Neuroevolution has greatly promoted Deep Neural Network (DNN) architecture design and its applications, while there is a lack of methods available across different DNN types concerning both their scale and performance. In this study, we propose a self-adaptive neuroevolution (SANE) approach to automatically construct various lightweight DNN architectures for different tasks. One of the key settings in SANE is the search space defined by cells and organs self-adapted to different DNN types. Based on this search space, a constructive evolution strategy with uniform evolution settings and operations is designed to grow DNN architectures gradually. SANE is able to self-adaptively adjust evolution exploration and exploitation to improve search efficiency. Moreover, a speciation scheme is developed to protect evolution from early convergence by restricting selection competition within species. To evaluate SANE, we carry out neuroevolution experiments to generate different DNN architectures including convolutional neural network, generative adversarial network and long short-term memory. The results illustrate that the obtained DNN architectures could have smaller scale with similar performance compared to existing DNN architectures. Our proposed SANE provides an efficient approach to self-adaptively search DNN architectures across different types.

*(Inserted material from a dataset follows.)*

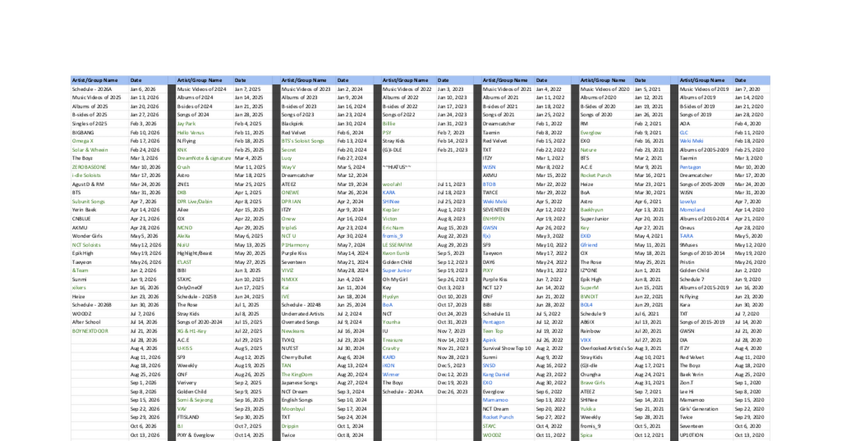 • MV が投稿されているアーティスト /r/kpop 対象者です。
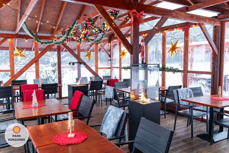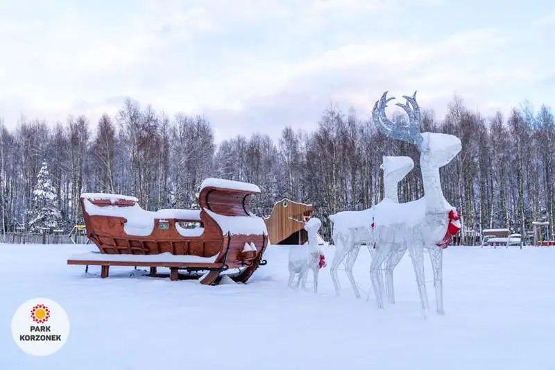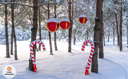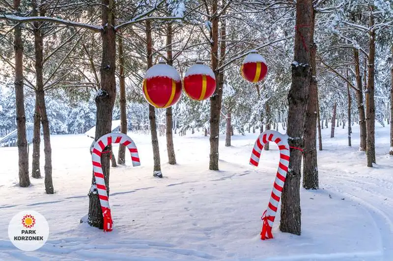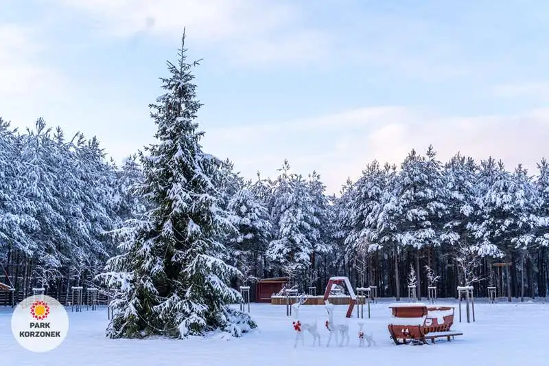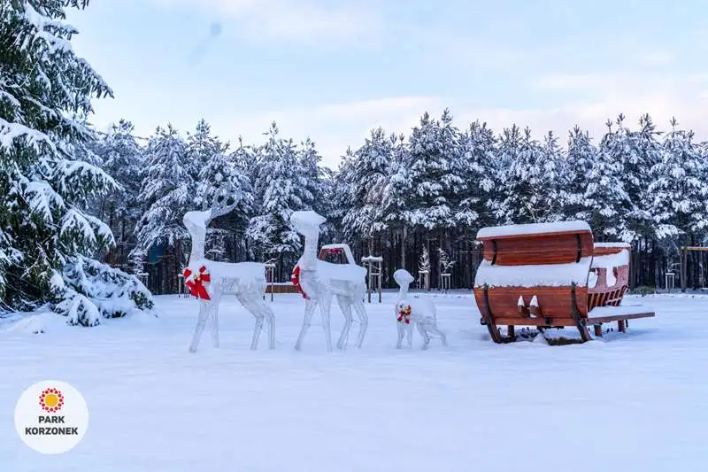 W okresie zimowym w naszym parku przygotowujemy specjalny świąteczny wystrój. Lampki, bombki, ogromna choinka, sanie Mikołaja, wszystkie te atrakcje są dostępne dla naszych gości.

翻译：神经革命极大地促进了深神经网络架构的设计及其应用,尽管在规模和性能方面缺乏不同DNN型不同类型现有方法,但缺乏不同DNN型建筑的规模和性能方面的可用方法。在本研究中,我们提议了一种自我适应性神经进化(SANE)方法,用于为不同任务自动建造各种轻量DNN型建筑。SANE的关键设置之一是由细胞和器官自行适应不同的DNNN型类型所定义的搜索空间。在这个搜索空间的基础上,设计了一个具有统一进化设置和操作的建设性进化战略,旨在逐步发展DNNN型建筑。SANE能够自我调整进化探索和开发,以提高搜索效率。此外,我们制定了一种观察性计划,通过限制物种内部的选择竞争来保护进化的早期趋同。为了评估SANE,我们进行了神经进化实验,以产生不同的DNNN型建筑,包括革命神经网络、基因反应网络和长期的短期记忆。结果显示,获得的DNNNE型建筑的规模可能小于现有的DNNN型搜索结构。我们提议的SAN型结构提供了一种高效的自我搜索。